━━ DATA SECTION ━━
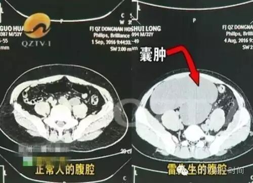 泌尿外科主任医师曾明泉告诉记者,雷先生的右侧输尿管没有接入膀胱,闭锁了,构成大量尿淤积,输尿管淤积在里面,如果感染破裂或出血,就会致命的。
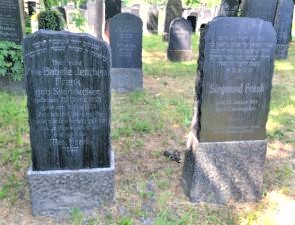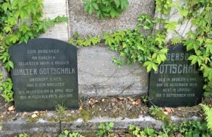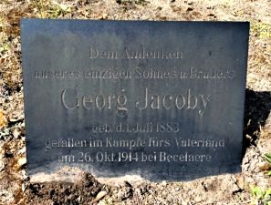 Gedenken auf dem Grabstein der Mutter Babette Jettchen Frank, geb. Steindecker (1855-1923): „Ihre letzten Jahre erfüllte trauernde Erinnerung an ihren … gefallenen Sohn ...“ |
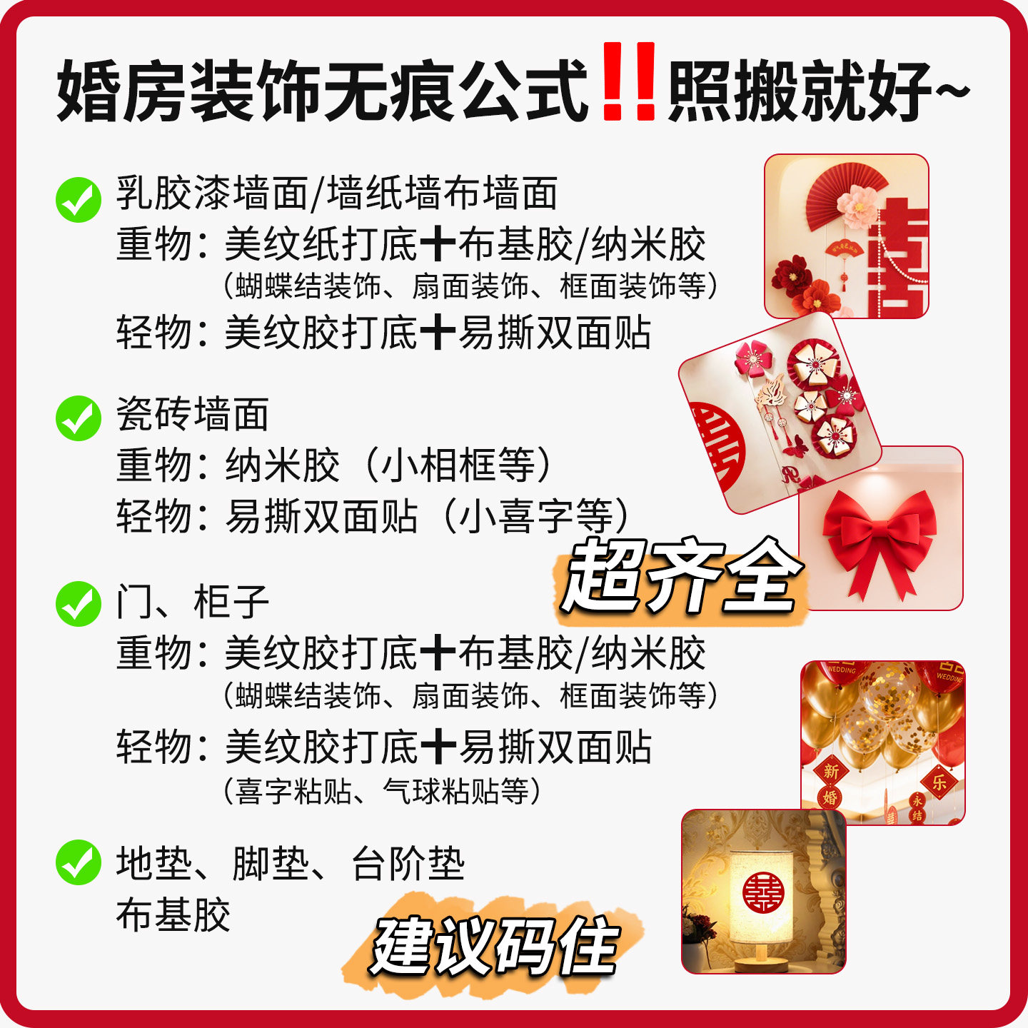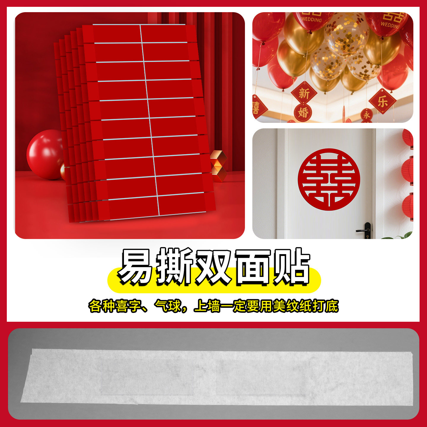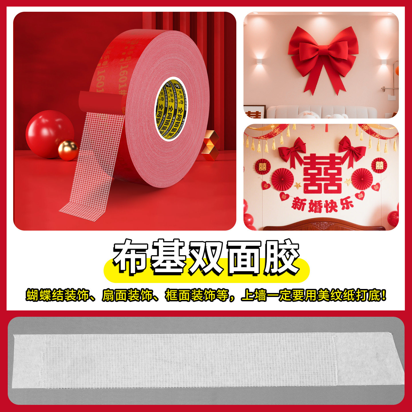 米乐奇床头布置无痕胶布艺装饰专用透明网纹布基双面胶气球点点胶对联春联自粘高粘度防滑贴2026马年节庆套装
━━━
§ **WHAT YOU NEED TO DO**
An exact copy of every line above, minus the pictures, is the required output.

§ **ANSWER BOX**
 泌尿外科主任医师曾明泉告诉记者,雷先生的右侧输尿管没有接入膀胱,闭锁了,构成大量尿淤积,输尿管淤积在里面,如果感染破裂或出血,就会致命的。
 Gedenken auf dem Grabstein der Mutter Babette Jettchen Frank, geb. Steindecker (1855-1923): „Ihre letzten Jahre erfüllte trauernde Erinnerung an ihren … gefallenen Sohn ...“ |
 米乐奇床头布置无痕胶布艺装饰专用透明网纹布基双面胶气球点点胶对联春联自粘高粘度防滑贴2026马年节庆套装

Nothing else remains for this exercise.